Biz bunları Irak operasyonlarından hatırlar gibi ister-istemez ya
bir bölgenin ısıtılmasına ya da hala ateşi devam eden bir coğrafyanın
daha da yüksek ateşle yeniden tutuşması bizleri tasalandırmıyor/ endişelendirmiyor mu?
Evet 2009'da ve 2011'in baharında komşularımız ve birçok ülkeyle
uluslararası taşımacılık ve kargo gibi önemli anlaşmaların
yapıldığı,protokollerin imzalandığı hatta haftada toplam yetmiş iki
sefere imza atıldığını da öğrendik ancak yetmiş iki seferin aynı
güzargaha,aynı koordinatlara yapılacağı;köprünün bir ucunun Türkiye
diğer ucunun Irak-İran olabileceği doğrultuda kanıların gerçek
olup-olmadığının sorgulanması gerekmiyor mu?
Ülkemizin,halklarından gizleyerek taşaronluk yapmasını,emperyal
emellere ortak ya da karakol olmasını bunca deneyimlerden hele hele
'usta' lıklardan sonra yakın/uzak coğrafyalarda savaşa/savaşlara
malzeme taşıyıp,sahurda hava köprüsü kurmak gibi garabetlere girmelerin
faturasını hep kadınlar,gençler ve emeği ile onlarca yıl yoksulluk
sınırlarında yaşayanların ellerindeki faturalar daha şimdiden görünür
gibi ustam!..
Gel gör ki 'A-Takımı' US(T)A lar,kendilerini usta diye tanımlayan
kalfa olamamışlara ilk görevendirmeyi yaptı bile!..dersek
şaşırmayalım,çünkü önümüzdeki günlerde kurulan sahur köprülerinin bir
ucunun Suriye olduğunun sinyalleri ABD'nin sözcülerinden çok açık ve net
bir şekilde Dışişleri Bakanımız Ahmet Davutoğlu'nun ziyaretleriyle
de saklanmaya çalışılan gerçeklerin yavaş yavaş gün ışığına
çıkacağı/çıkabileceğinin ipuclarını verdi bile...
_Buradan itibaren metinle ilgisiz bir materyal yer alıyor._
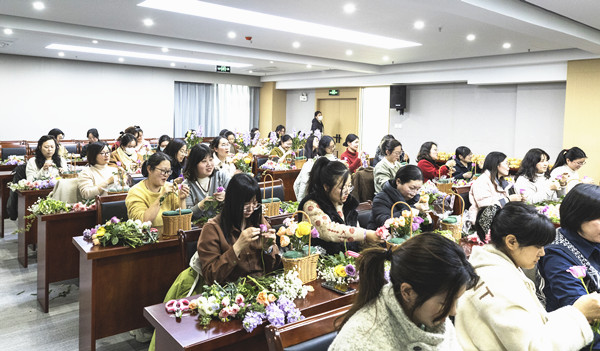 活動(dòng)現(xiàn)場,馥郁芬芳、氣氛熱烈,五彩繽紛的花束將現(xiàn)場裝扮的浪漫溫馨。專業(yè)花藝?yán)蠋煘榇蠹以敿?xì)講解了插花的基本技巧和藝術(shù)審美要點(diǎn),并從花材選擇、插花的空間結(jié)構(gòu)框架、整體效果和細(xì)節(jié)點(diǎn)綴等環(huán)節(jié)進(jìn)行現(xiàn)場指導(dǎo),大家熱情高漲,將紫羅蘭、洋甘菊、玫瑰、滿天星等花卉修剪后盡情發(fā)揮、精巧構(gòu)思,在輕松歡快的氛圍中,經(jīng)過一個(gè)多小時(shí)的精心制作,一盆盆凝聚著大家對(duì)美的追求和對(duì)生活熱愛的插花作品呈現(xiàn)在活動(dòng)現(xiàn)場,大家紛紛拍照留念,記錄這些美好的瞬間。
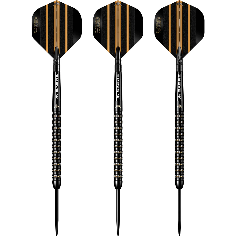 Be the real deal on the oche with the Mission Mike De Decker Black & Gold PVD Tungsten Darts. Made from a high grade 95% tungsten material, and with a black PVD coating and gold painted rings on the barrel, these darts have a premium look and feel to them. This straight barrel dart includes a ring grip with a black PVD coating that is interspersed with gold rings and milled cuts along the barrel to offer players plenty of grip. The rear of the barrel has a smooth section with the laser-etched Mission logo, while the front of the barrel consists of a smooth bull nose that leads to a black point. De Deckerโs premium dart in this range is complete with a set of black Mission Sabre shafts with black tops and his own signature flights in a black and gold design. Available in steel tip and soft tip.
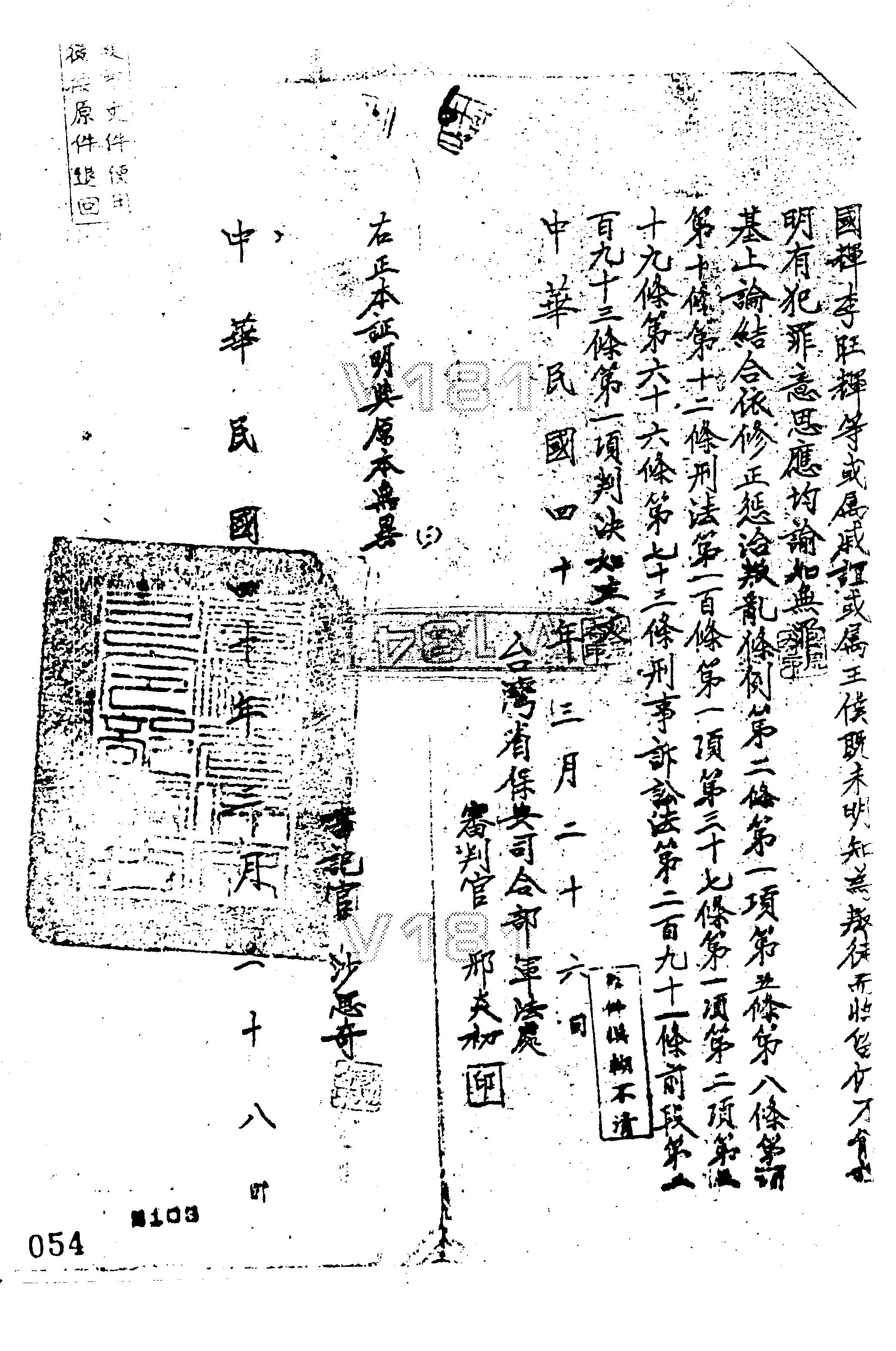 - 法條:修正懲治叛亂條例第2條第1項、第5條、第8條第1項、第10條、第12條;刑法第100條第1項、第37條第1項、第37條第2項、第59條、第66條、第73條;刑事訴訟法第291條前段、第293條第1項
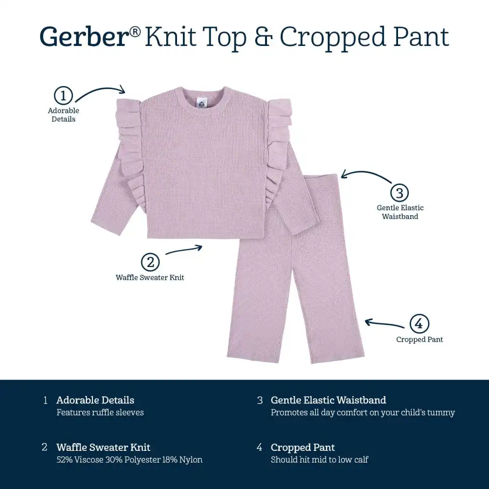 This matching lavender set for your little girl is made from a soft and cozy material to ensure all-day comfort. The set features a pullover top with a comfort-stretch rib finish at the neck and wrists, while the pullup bottom comes with a comfort-stretch waistband for a perfect fit. The relaxed fit design allows for ease of movement, while still fitting securely. This adorable set is perfect for everyday wear or family pictures. Shoulder ruffles extend down the length of top for an adorable touch. Our essentials have been independently certified with STANDARD 100 by OEKO-TEX® so that you don’t have to worry about harmful substances in your infant’s wardrobe. This set includes one top and one bottom.
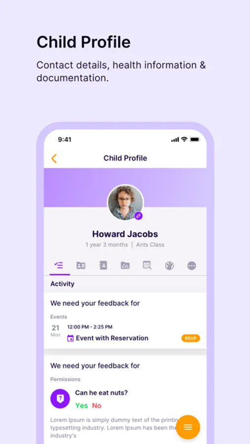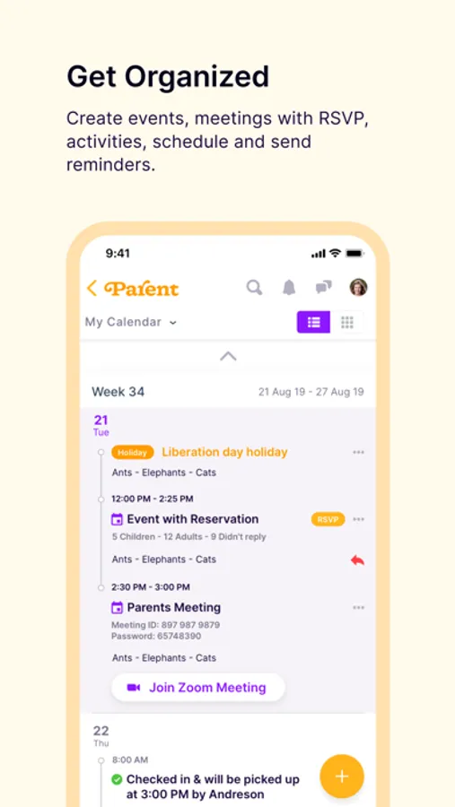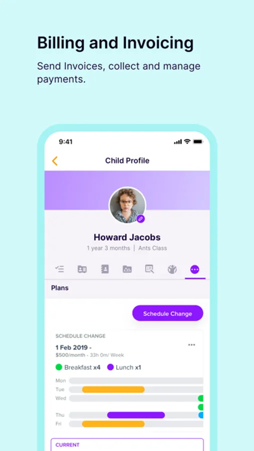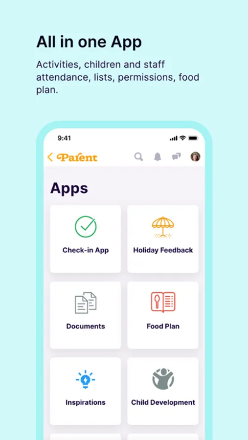 Parent is a comprehensive solution with many evolving features. This includes attendance tracking, events with automatic reminders, daily reports, detailed child profiling, child development, photo and video sharing, unlimited document storage, billing, e-learning and much more.
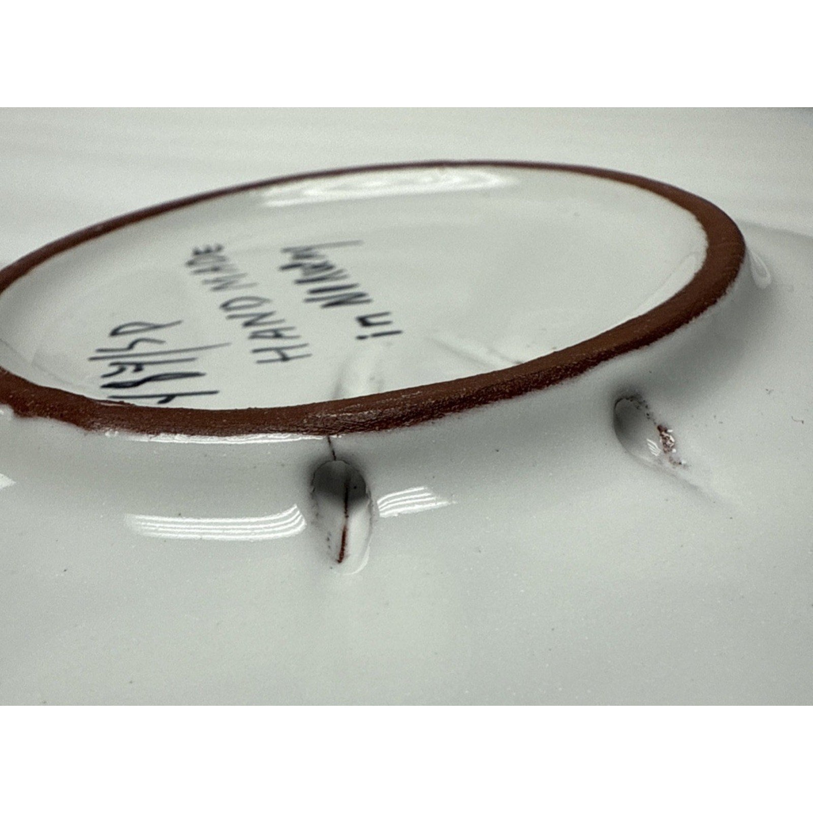 Stunning piece. There is minor wear to the plate such as scuffs, scratches, and discolorations. There are flea bites to the finish. There is a crack on the backside hanger. I believe it is cosmetic.
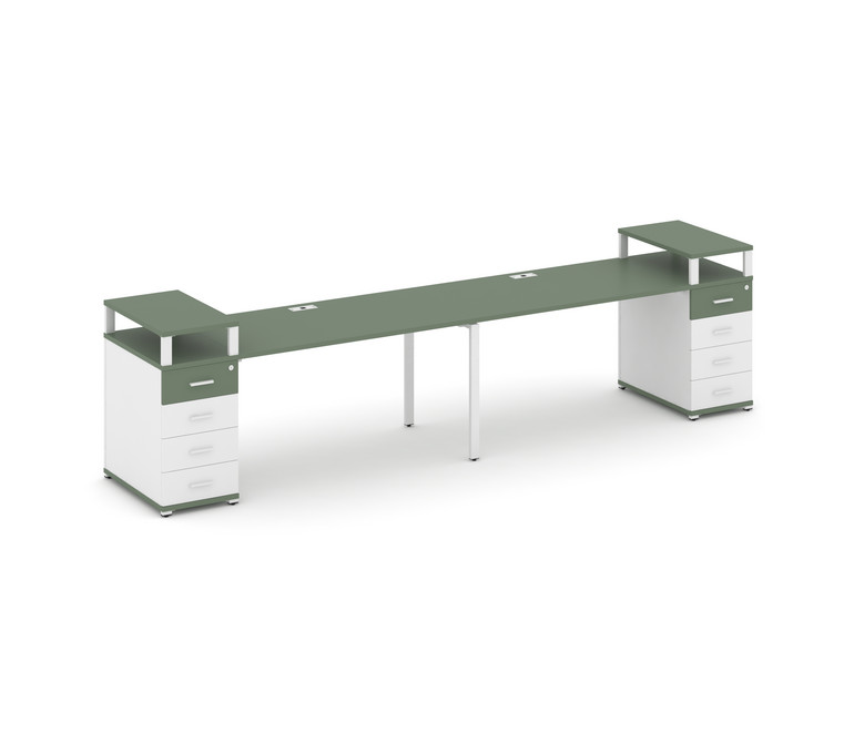 Concept Рабочая станция 2 места с 2 опорными тумбами CN.ORS-427 W Кобо/Белый Бриллиант/Металл Белый
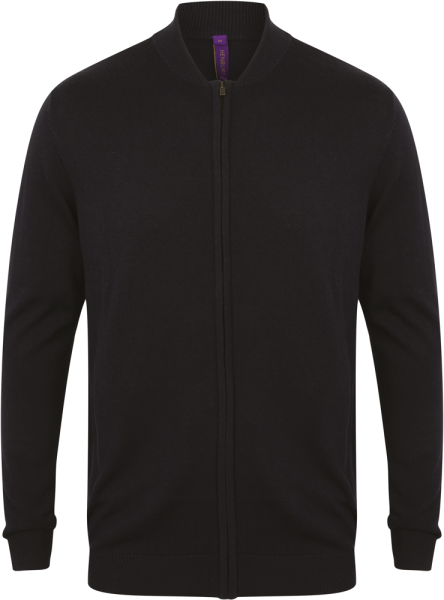 50% katoen / 50% acryl. Unisex cardigan met bomberkraag in fijn tricot van gauge 12....meer

Bu ara İran'ın Kandil'e olan ziyaretlerinin turistik ziyaretler
katagorisine girmediği,yapılan üçlü-dörtlü ittifaklarla sahur hava
köprülerinin Barzani'ye neler kazandıracağını,Bağdat Yönetimi'nin
sessizliğini 'hayra alamet'diye gören var mı?
Olup-bitmeyenlerin üstü örtüldüğü için değil mi ki birçok organize
güç ve uzantılarının savaş kışkırtıcılığı yaptıkları,çözüm süreçlerini
geciktirerek, engellediklerinden değil mi ki çözümsüzlük yüklü kargolarla sahurlarda hava köprüleri oluşturduğu?
'Ustalık Dönemi' kaçırılmak istenmiyorsa Mardin yerelinin anlamlı
bir özdeyişiyle bitirip,kurulacak köprülerin 'gönülden-gönüle' kalıcı
olması dileklerimizle...
'' Let roh ır-raHa un-devvir al-çeKeçiKe ! ''
(Değirmen elden giderse mandalları arayıp,dururuz!)
Mustafa İSLAMOĞLU
23.08.2011 / 11:42BU YAZINIZDAN DOLAYI SİZİ TEBRİK EDİYORUM.BU TÜRDEN DUYARLI YAZILARINIZIN DEVAMINI CANI GÖNÜLDEN İSTİYORUM. OKURKEN İNSAN UNUTTUĞU BAZI ANENELERİ HATIRLIYOR.(RAHITIR RAHA INDEVIR ALA ÇEKEÇİKE.) İNŞALLAH İYİ ŞEYLER OLUR SİZİN DEĞERLİ YAZILARINIZDAN SONRA.SELAMETLE KALIN. İYİ RAMAZANLAR.
Çiya mazî
11.08.2011 / 11:13Spas, Şükran Teşekkürler. Facebookta paylaştım.